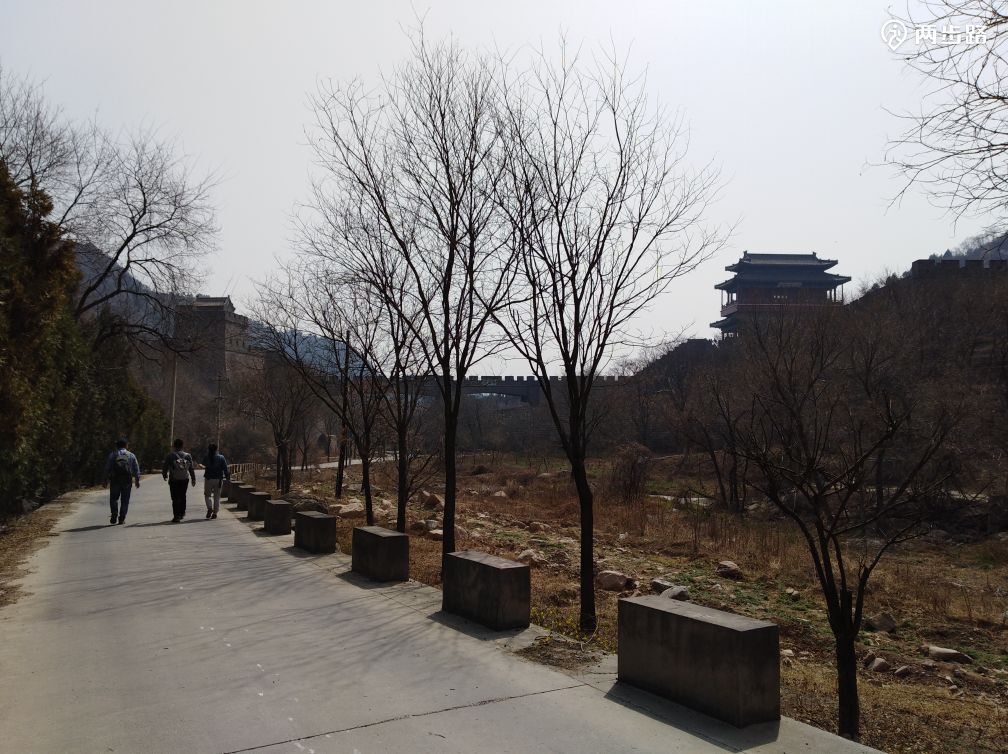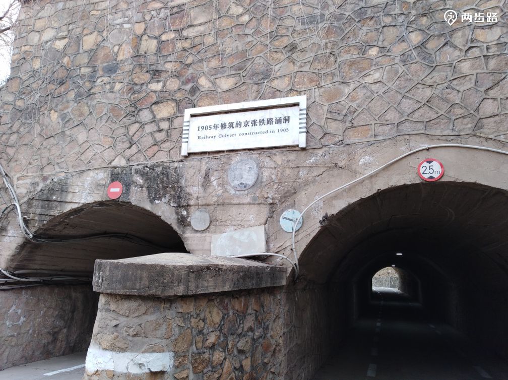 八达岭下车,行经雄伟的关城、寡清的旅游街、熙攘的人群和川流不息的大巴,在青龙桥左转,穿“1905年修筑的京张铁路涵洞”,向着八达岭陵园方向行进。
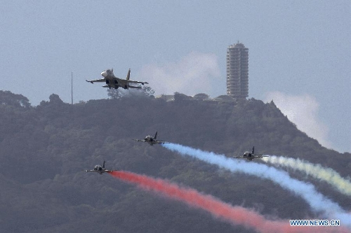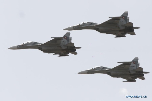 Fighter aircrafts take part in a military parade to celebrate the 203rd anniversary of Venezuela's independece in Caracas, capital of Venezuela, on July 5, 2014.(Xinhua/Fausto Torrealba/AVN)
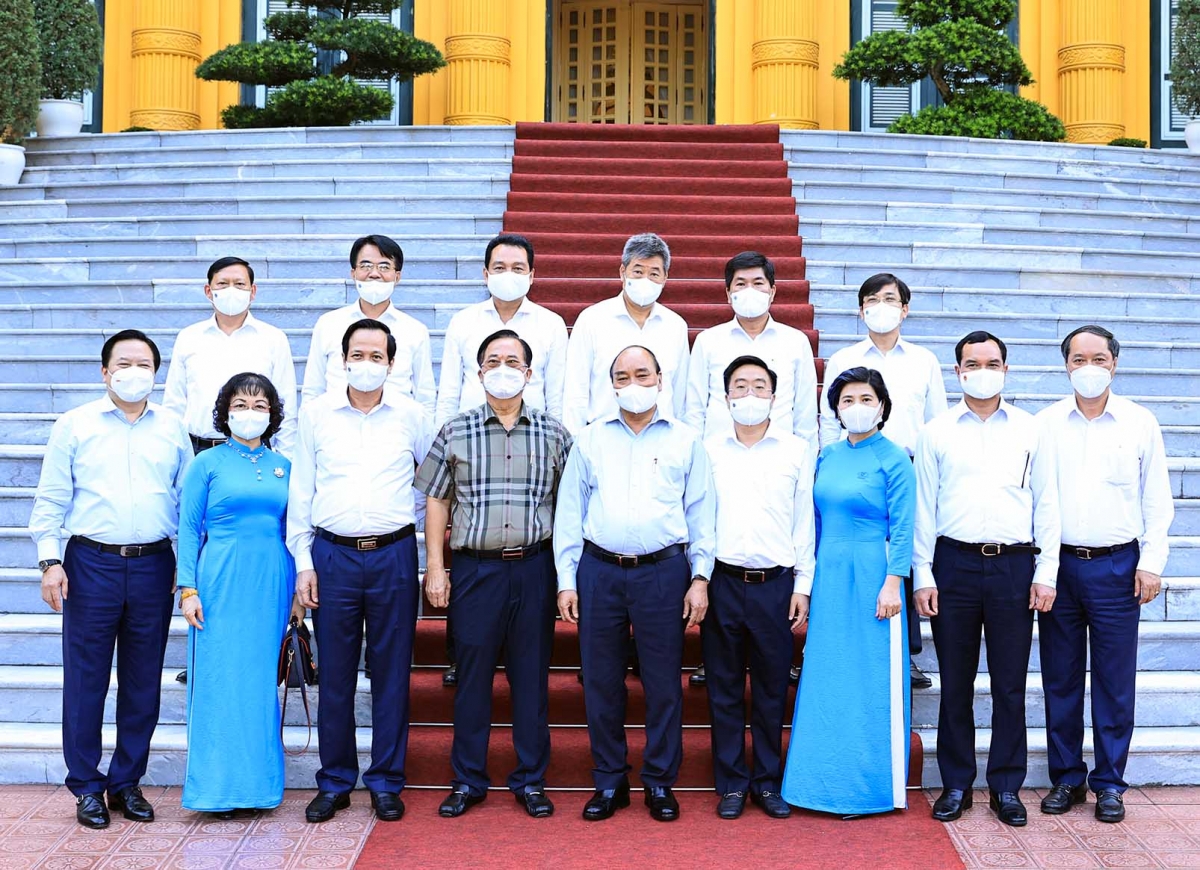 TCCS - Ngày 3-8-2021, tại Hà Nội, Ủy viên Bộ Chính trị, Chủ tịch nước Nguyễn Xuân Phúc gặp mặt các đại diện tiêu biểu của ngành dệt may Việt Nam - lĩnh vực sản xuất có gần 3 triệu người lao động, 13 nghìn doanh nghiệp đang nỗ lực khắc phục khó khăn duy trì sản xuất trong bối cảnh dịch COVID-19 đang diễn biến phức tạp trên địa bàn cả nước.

--

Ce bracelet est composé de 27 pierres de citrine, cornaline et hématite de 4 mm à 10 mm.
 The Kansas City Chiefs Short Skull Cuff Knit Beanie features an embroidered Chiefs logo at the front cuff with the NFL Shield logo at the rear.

▶ _INSTRUCTIONS FOR THE TASK_
Look above for the line that contains "Ce bracelet est". Starting there, transcribe every line exactly until you have copied the line that contains "The Kansas City".

▶ _RESULT OF THE TASK_
Ce bracelet est composé de 27 pierres de citrine, cornaline et hématite de 4 mm à 10 mm.
 The Kansas City Chiefs Short Skull Cuff Knit Beanie features an embroidered Chiefs logo at the front cuff with the NFL Shield logo at the rear.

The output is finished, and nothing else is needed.